Some time later, the regime sends a small fleet to kill Mario and Dimah while they are out at sea. In the process of saving them, Rico meets Annika and Teo, two smugglers waging their own war on Di Ravello. After Mario is critically wounded during the fight, Annika offers medical aid to Mario in exchange for Rico's help in stealing Di Ravello's Imperators, tanks equipped with protective shields powered by Bavarium. In addition to destroying a number of the tanks, Rico also helps the smugglers destroy the regime's Bavarium refineries and mines, as well as test out an experimental EMP device created using technology from the Imperators. However, the rebels begin to suffer a series of defeats on the battlefield, which Rico attributes to a double agent in their ranks. In a push to wipe out the rebellion, Di Ravello orders a full-scale attack on Mario's coastal hideout. Rico rallies the rebels to defeat the invasion forces, reducing Di Ravello's control to only one region of Medici after igniting an unstable reactor at another command base at Corda Dracon.

Rosa Manuela, a Medician politician and old rival of Di Ravello's, returns to Medici from political exile to form a government opposed to his regime. At the same time, Zeno is identified as the aforementioned double agent. With help from the smugglers, Rico destroys a train carrying Bavarium for export and frees the prisoners working in Di Ravello's last remaining mines. With Sheldon and Dimah, he also prevents Di Ravello from selling a Bavarium bomb by forcing it out of its transport plane and detonating it in the sea. Afterwards, Di Ravello orders the military to attack the rebel-held part of the wall as a diversion to break Zeno out of jail. Zeno attempts to escape by helicopter, but Rico manages to kill him.
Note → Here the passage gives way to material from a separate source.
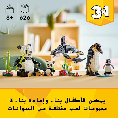 LEGO - ليجو لعبة الحيوانات البرية 3 في 1 من كريتور: لعبة عائلة الباندا طراز 31165 - تتحول إلى شخصيات بطريق أو العاب حوت أوركا - مجموعة بناء للبنات والأولاد بعمر 8 سنوات فما فوق - هدية عيد ميلاد إبداعية

The rebels make a final push to end Di Ravello's rule by attacking his central command at Falco Maxime, during which Dimah sacrifices herself to wipe out all known information about Bavarium. With his forces in disarray, Di Ravello confronts Rico in an active volcano, piloting his personal helicopter. After destroying the chopper, the player is given the choice to shoot Di Ravello dead as he laments his failures and regrets. If the player chooses not to, Di Ravello will commit suicide by throwing himself into a lava pit. Rosa forms a new Republic of Medici, assuming the office of President.

== Development ==
The development of Just Cause 3 began in 2012, and was handled by Avalanche Studios' satellite studio in New York, which has around 75 staff members, while the main studio in Sweden focused on the development of Mad Max, which was announced in 2013. The game's controls received an overhaul, and several members from Criterion Games, the developer of the racing video game series Burnout, joined the studios and worked on the vehicle handling of the game. Inspiration for the game's asynchronous multiplayer was taken from racing games like Need for Speed and Forza Horizon 2, while the "Destruction Frenzy" mechanic was inspired by the Red Faction series. Inspirations for the game were drawn from the modding community of Just Cause 2. As a result, the upgrades featured in the game are called "mods".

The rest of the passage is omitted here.